Task objective » Retype only the lines that run from the top of the material below to the line bearing "Tại sự kiện, Thanh", inclusive, and keep the pictures out.

Exercise data »
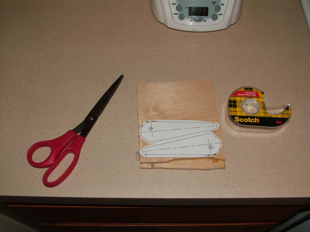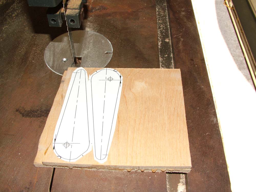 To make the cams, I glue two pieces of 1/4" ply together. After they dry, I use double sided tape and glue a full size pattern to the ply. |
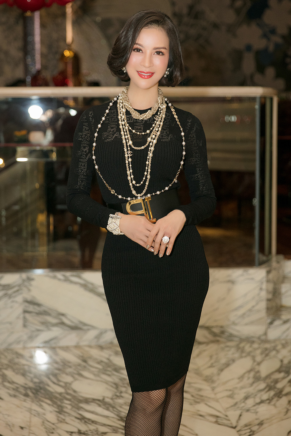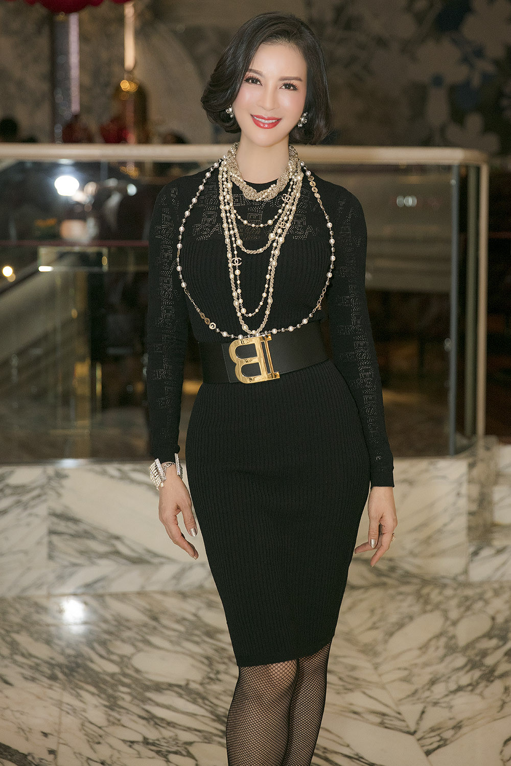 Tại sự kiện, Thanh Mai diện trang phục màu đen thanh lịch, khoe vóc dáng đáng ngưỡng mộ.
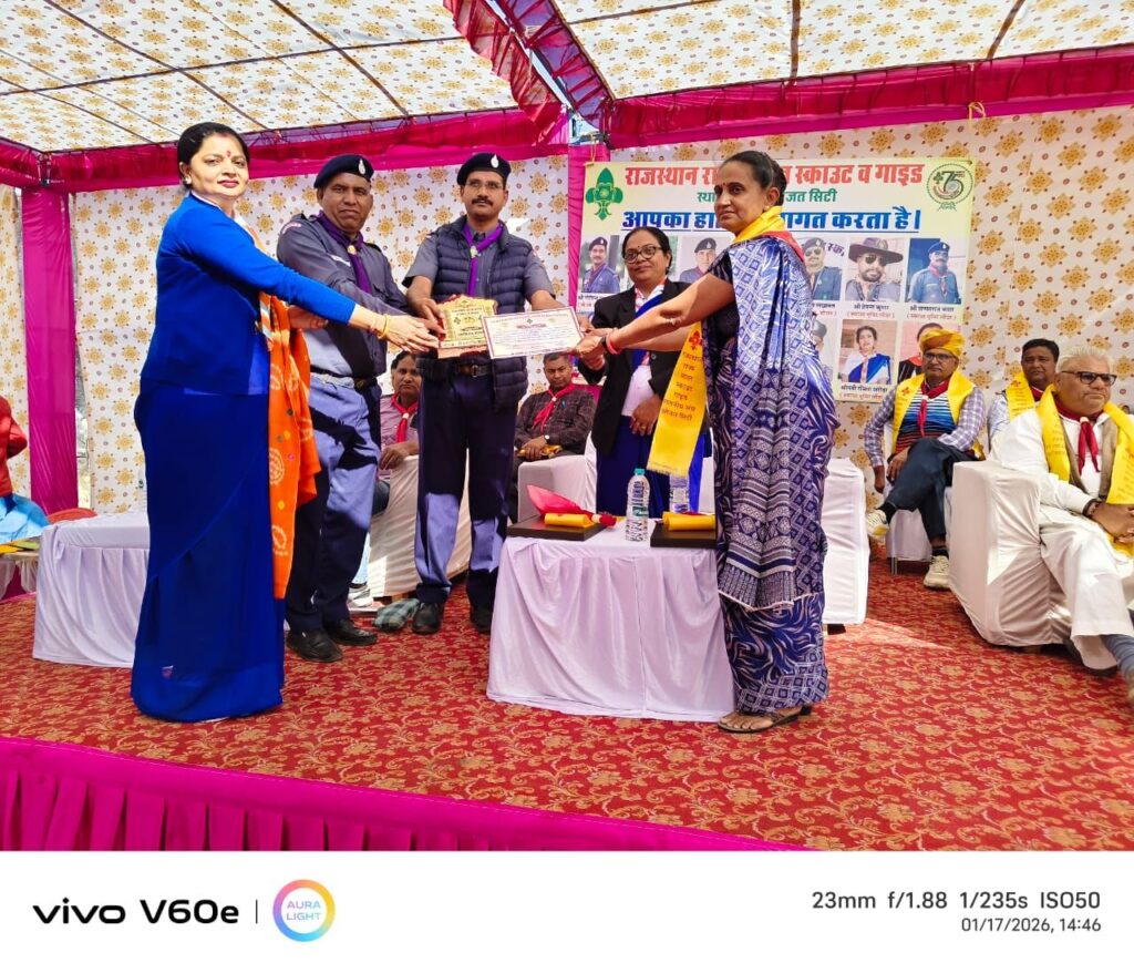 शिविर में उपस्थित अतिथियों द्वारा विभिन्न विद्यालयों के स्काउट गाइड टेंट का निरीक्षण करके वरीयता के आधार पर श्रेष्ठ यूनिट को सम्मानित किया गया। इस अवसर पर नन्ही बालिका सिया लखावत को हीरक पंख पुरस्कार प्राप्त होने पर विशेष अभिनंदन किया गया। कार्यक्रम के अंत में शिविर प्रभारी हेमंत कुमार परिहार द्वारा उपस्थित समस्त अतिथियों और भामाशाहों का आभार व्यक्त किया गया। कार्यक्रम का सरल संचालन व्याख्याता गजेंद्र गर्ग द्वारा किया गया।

Final answer »
 To make the cams, I glue two pieces of 1/4" ply together. After they dry, I use double sided tape and glue a full size pattern to the ply. |
 Tại sự kiện, Thanh Mai diện trang phục màu đen thanh lịch, khoe vóc dáng đáng ngưỡng mộ.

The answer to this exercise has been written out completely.